With past albums delving into such heady topics as poverty in the inner city and war stories, it may not seem surprising that downtown-based singer-songwriter Jon Brooks’ newest work contains more humour than his past endeavours. What is surprising is that the humour is wrapped in another dark genre – Canadian murder ballads.
Brooks’s latest album, The Smiling & Beautiful Countryside, offers social commentary while avoiding heavy-handedness or moralizing.
“I wanted to basically do an album of songs that interested me thematically and sonically instead of going on the fool’s errand of writing songs that I think will get me airplay on CBC radio,” he said.
Despite its often-dark subject matter, Brooks said he aims to write songs that are “spiritually uplifting and politically relevant.”
The Smiling & Beautiful Countryside ranges from comic hyperbole to the stark and horrifying acknowledgment of missing First Nations women in Canada. Still, Brooks acknowledges there are certain challenges faced by some he himself has never had to deal with.
“It doesn’t help that I’m a fat, white guy in my 40s,” he said.
The Smiling & Beautiful Countryside focuses on two types of killers – the human and the corporate. As with Brooks’ other works, the theme provides an undercurrent throughout the album. While the singer/songwriter said he does not set out to create concept albums, his works naturally tend toward having overarching themes.
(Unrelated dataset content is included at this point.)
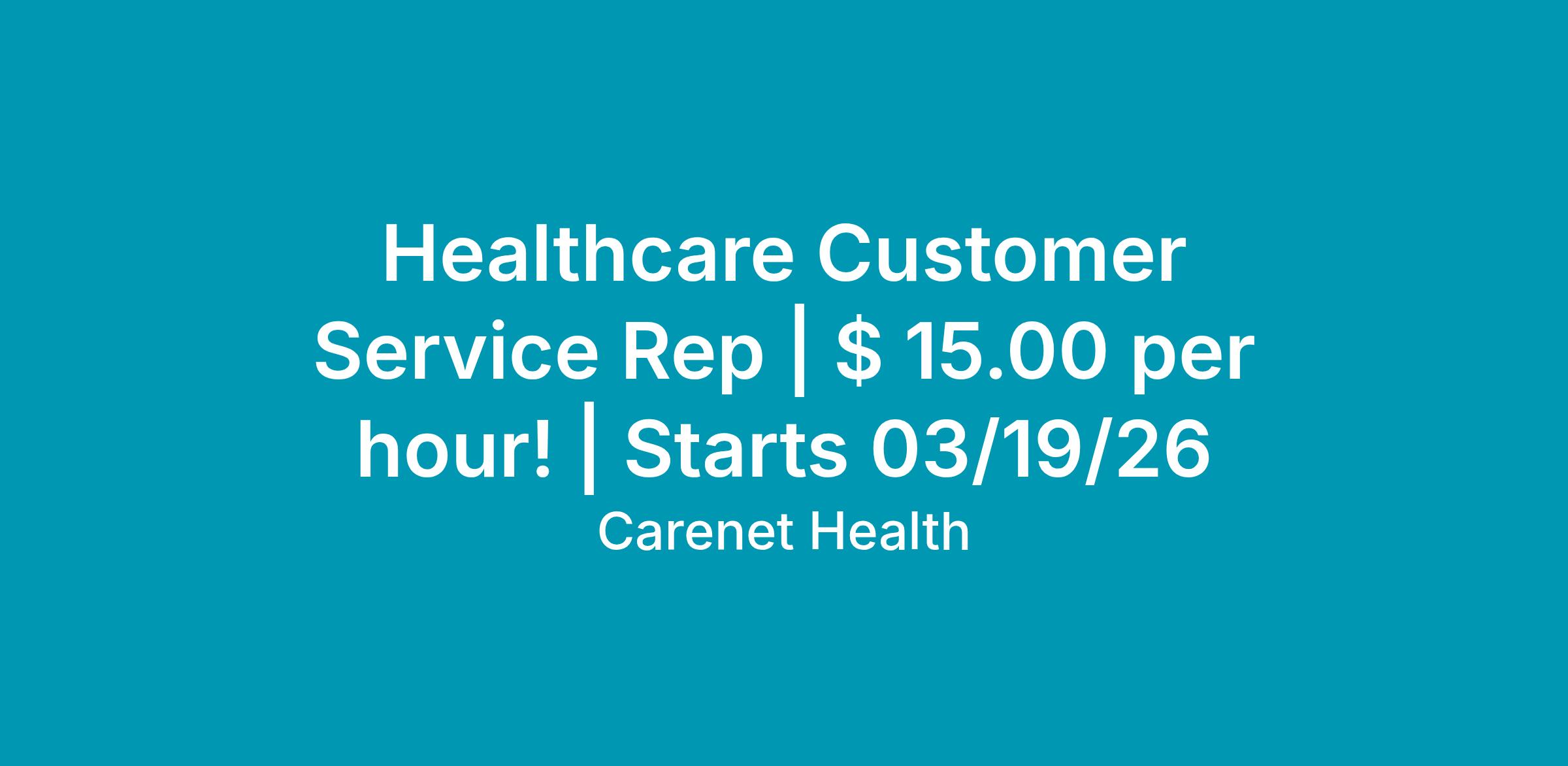 At Carenet Health, we value the expertise and dedication of our team members, and we are committed to offering an appealing compensation package. The wage for the Healthcare Customer Service Rep is $15.00 per hour.
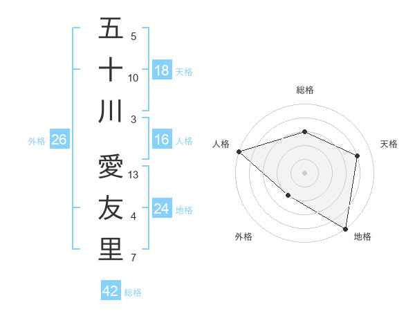 五十川 愛友里さんの天格は18画の4点!

“It starts naturally, but then I wind up approaching it almost like a collection of short stories,” he said. “I always think a song’s more impotent on its own than it is when it’s part of looking at the full spectrum of an idea.”
Brooks’ music career was interrupted when he stepped away to work on more lucrative endeavours and returned to university to get a degree. During that time, he worked as an usher at the Princess of Wales Theatre, a bike courier and a beer brewer for Steam Whistle among other gigs.
“It wasn’t until I married a woman with money who encouraged me to get back into it that I decided I could pursue this as a career,” he said.
While many artists love playing to a hometown crowd, Brooks has mixed feelings about his upcoming album release show at Hugh’s Room, where he hopes to see more than just familiar faces in the crowd when he performs early next month.
While he appreciates the support, he wants to feel his music is appreciated and not that people are coming out to catch his show simply because they know him and want to show support.
“There’s nothing more dreary than doing this for 10 years, looking out and seeing your cousin in the crowd,” he said.
Brooks will play Hugh’s Room, 2261 Dundas St. West, on Wednesday, April 8.